After weeks of lamenting, the Party will now be moving to the National Assembly at a sitting scheduled for May 8.
According to a statement issued by the party yesterday, two motions were submitted.
One was the motion “Calling for the revocation of the commission of inquiry on lands”
The other motion is the call for the revocation of “V.A.T (Value Added Tax) on Education.”
Last month, President Granger established a CoI under the Commission of Inquiry Act, Chapter 19:03 of the Laws of Guyana “to examine and make recommendations to resolve all issues and uncertainties surrounding the claims of Amerindian land titling, the individual, joint or communal ownership of lands acquired by freed Africans and on any matters relating to land titling in Guyana.”
Seven persons have already been appointed to this Commission. The final report consisting of the commission’s findings and recommendations will be handed over to the President on or before November 1, 2017, or any later date as may be determined by the Head of State.
The PPP/C, in previous reports, had contended that the commission was established without any consultations with the National Toshaos Council (NTC); nor directly with “any Amerindian communities, nor with recognized non-governmental organizations representing Amerindians in Guyana”.
“In so doing the government denied the National Toshaos Council, Amerindian communities and Amerindian non-governmental organizations, of the right to be informed and consulted as to the rationale for and the objectives of this Commission of Inquiry,” the release from the Opposition read.
The PPP/C is of the opinion that the ‘expansive mandate’ of the Commission could undermine the legitimacy of Amerindian land rights and lead to the dispossession of Amerindian land titles and future land titling since the CoI will also be looking at “any matters relating to land titling in Guyana”.

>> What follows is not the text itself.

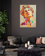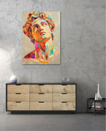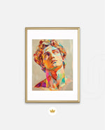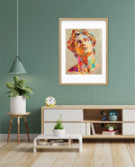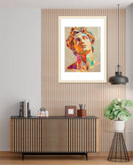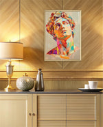 A vibrant sculptural portrait in layered colors, created as wall art prints and framed wall art for picture frames and photo frames, adding creative wall decor as modern wall art for living room wall art and decorative wall pieces, ready to hang.

The Opposition is also questioning the CoI in its motion, the need for the Commission since according to the PPP/C, Guyana has already established under the Amerindian Act of 2006, “a unique, comprehensive and robust legal framework which addresses Amerindian land rights and Amerindian communal land titling forever and absolute” with “Free Prior and Informed Consent” of the Amerindian communities, in accordance with the Constitution of Guyana, statutes and international law”.
The motion is being moved by Opposition Member of Parliament (MP) and Former Minister of Amerindian Affairs, Pauline Sukhai, and seconded by Nigel Dharamlall, PPP/C MP.